Bruch mit Familientradition
Für den Chef des Familienbetriebs ist dies nicht ganz verständlich. Er ist vehement gegen die Zucht von Tieren lediglich für die Pelzproduktion. In Oberdiessbach würden daher nur Felle von Tieren haltbar gemacht, die für den Fleischkonsum sowieso geschlachtet oder von Jägern zwecks Bestandsdezimierung geschossen wurden. Letzteres ist vor allem bei den Füchsen der Fall.

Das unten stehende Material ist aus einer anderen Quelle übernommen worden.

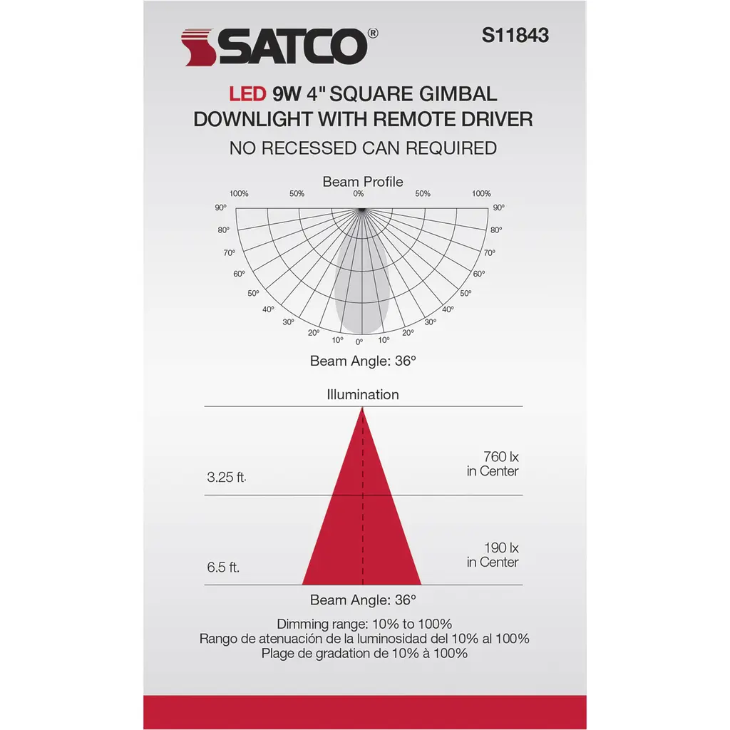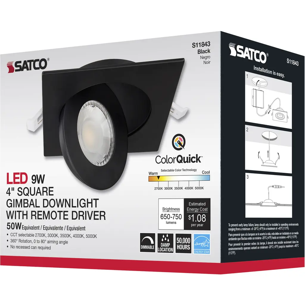 9 Watt; CCT Selectable; LED Direct Wire Downlight; Gimbaled; 4 Inch Square; Remote Driver; Black
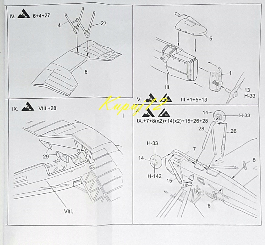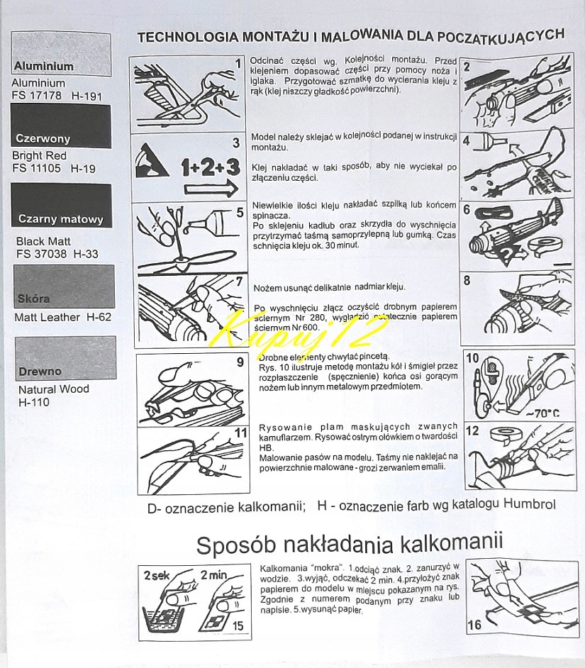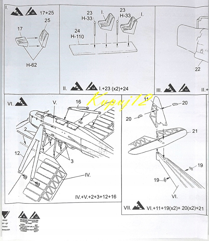 його слід пофарбувати 1- рази всі елементи, які будуть намальовані зовнішніми фарбами пізніше. Деякі елементи можуть вимагати фарбування перед склеюванням (наприклад, центр кабіни або елементи крил на кріпленні колеса).

«Die Felle, die wir verarbeiten, würden sonst als Schlachtabfälle enden und weggeworfen. Das ist ja auch schade. Bis letztes Jahr haben wir die Füchse deswegen den Jägern auch trotz kleiner Nachfrage noch abgekauft», so Neuenschwander, der die Gerberei bereits in fünfter Generation führt. «Ab diesem Jahr geht das jetzt wirklich nicht mehr. Zum ersten Mal in der Geschichte unseres jahrhundertealten Familienbetriebs können wir keine Füchse mehr kaufen.»
Landen die Felle bald im Müll?
Das grosse Problem mit den Füchsen: Sie haltbar zu machen, kostet Geld. Rund 20 Mal nehmen die Mitarbeiter das Fell während der Verarbeitung in die Hände – bis schliesslich ein kuscheliger Pelz entsteht.
Da die Nachfrage so gering ist, lagert die Gerberei die Felle roh ein und bearbeitet sie nur auf Anfrage. «In diesem rohen Zustand sind sie aber nur etwa vier oder fünf Jahre haltbar. Das Eigenfett greift nämlich irgendwann die Felle an und macht sie unbrauchbar», so der Fuchs-Fachmann.
«Wir bleiben momentan auf 5000 Fellen sitzen», sagt er weiter. «Wenn wir sie nicht bald verkaufen können, müssen wir sie vermutlich sogar wegwerfen.»
Sogar international habe die Berner Firma jetzt die Werbetrommel gerührt, damit die vielen Füchse nicht im Müll enden: «Bislang ohne Erfolg. Es hat einfach niemand eine Verwendung dafür.»